As part of its first quarter results, Nestlé discussed the impact the coronavirus pandemic had had on all parts of its operations and how it had performed in China towards the end of the quarter as the country exited the worst effects of its lockdown.
1. China exiting the quarter ‘gradually’
Given China was loosening its lockdown towards the end of the quarter, Nestlé discussed what it was seeing. Although it stressed it was difficult to call how China was exiting the quarter, it noted that demand was ‘coming back… but… not at the level where [it was] before the crisis’. The company said the improvements were being felt gradually and differed by sub-geography in the country.
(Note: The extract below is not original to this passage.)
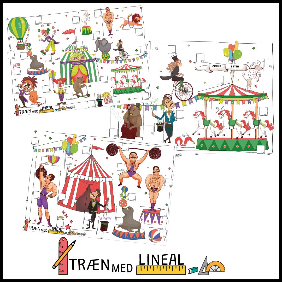 Mål og sammenlign med Cirkuspakken! Tre store plakater fyldt med cirkusmotiver gør arbejdet med lineal sjovt, konkret og legende.

The company said it had seen ‘an increased interest in value-for-money’ products as ‘ people are very value-conscious and there's a strong interest in that’. However, on a wider geographic basis Nestle said it had seen good growth for its premium products, which it said echoed developments from previous crisis, suggesting it was a case of ‘ the two extremes, the value side and the premium side, that do hold up quite well in a downturn’.
2. Importance of ecommerce highlighted
Nestlé said the overall trend was from ‘out-of-home to in-home consumption’, which affected specific categories and products. This led to significant sales declines for its Nestlé Professional, water and Nespresso boutiques channels.
While retail channels benefited from this shift, it highlighted how ecommerce sales had increased by 29.4% during the quarter. The pace of growth meant the channel accounted for 10.4% of total group sales for the first time, versus 8.5% in 2019.
The channel’s growth was called out in its North America operations where it said the Purina PetCare brand had seen ‘sustained momentum in ecommerce and premium brands’. Underlining how it was not limited to that geography, in China it said ‘ecommerce sales posted double-digit growth supported by strong demand for Nescafé and Starbucks products’. Specifically for Nespresso, Nestlé said ‘ecommerce sales grew by nearly 60% in March, which more than offset the declines in other channels’.
3. Impact felt along the supply chain…
Nestlé looked at the challenges it had faced during the quarter along the whole of its supply chain. It said it had been difficult to acquire certain raw materials for its products, which had led to it ‘air freight at times to expedite the process’. This led to an increase in costs for parts of its operations, but that this had been offset by less business-related travel and the lowering of some promotional activity.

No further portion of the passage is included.